Potential Hazards of the "Protect America Act"

Via EPIC, a who's who of security experts, including Steve Bellovin, Susan Landau, Whitfield Diffie, Matt Blaze, Peter Neumann and Jennifer Rexford released an important report in October on the Congressional rubber stamping, via the "Protect America Act", of the Bush administration's mass telephone and internet wiretapping programme. EPIC says:
"Security Experts Report on Hazards of New Surveillance Architecture

This summer's Protect America Act (PAA) temporarily authorized
warrantless surveillance of communications that Americans have with
individuals abroad. The use of this authority will require the
deployment of new interception technologies. These new technologies
raise several significant security risks.

The report identified the three most serious security risks. The experts
pointed to the danger that the system could be exploited by unauthorized
users. A Greek wiretapping system was exploited by an as yet unknown
party to listen in on government conversations. FBI documents of the DCS
3000 telephone wiretap system revealed several problems in the system's
implementation. This risk turns a surveillance system on its head.
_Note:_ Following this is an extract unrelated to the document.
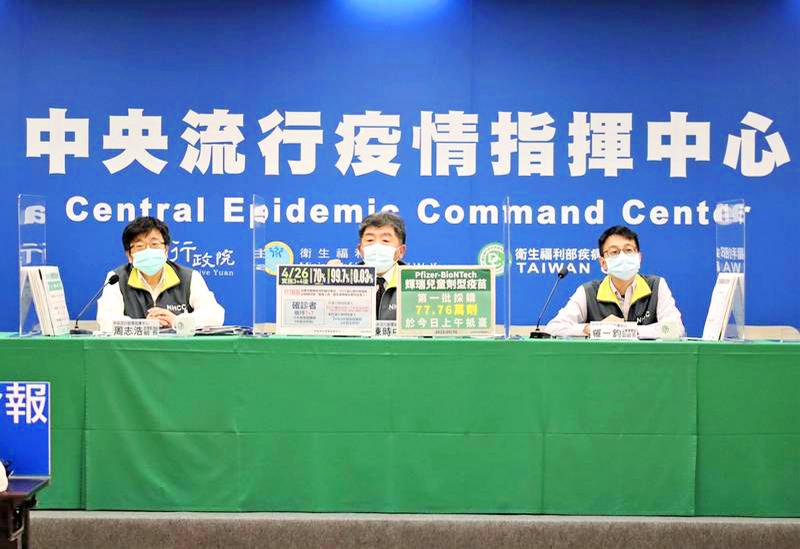 CDC Deputy Director-General Philip Lo (羅一鈞), deputy head of the CECC’s medical response division, said that of 126 new cases with moderate symptoms, 57 (45 percent) were unvaccinated and of 22 new cases with severe symptoms, 11 (50 percent) were unvaccinated.

Another risk is the misuse by a trusted insider. Someone with access to
the system could use it for improper purposes. Robert Hanssen abused his
access to FBI systems to steal information and to track investigations
of him. Recently a treasury agent was indicted for using the Treasury
Enforcement Communications System (TECS) in order to stalk his former

The third major risk is misuse by the US government. Watergate era
investigations revealed wiretaps of Congressional staff, supreme court
justices. These abuses also targeted non-violent activists such as
Martin Luther King, the American Friends Service Committee and the
National Association for the Advancement of Colored People.

The security experts provide key recommendations to guard against these
risks. First is minimization. Decreasing the number of interception
points simplifies security problems. Experts also recommend that
architecture be developed with communications carriers, maintaining them
as a check on government activity. Finally they recommend independent
oversight, with regular detailed reporting.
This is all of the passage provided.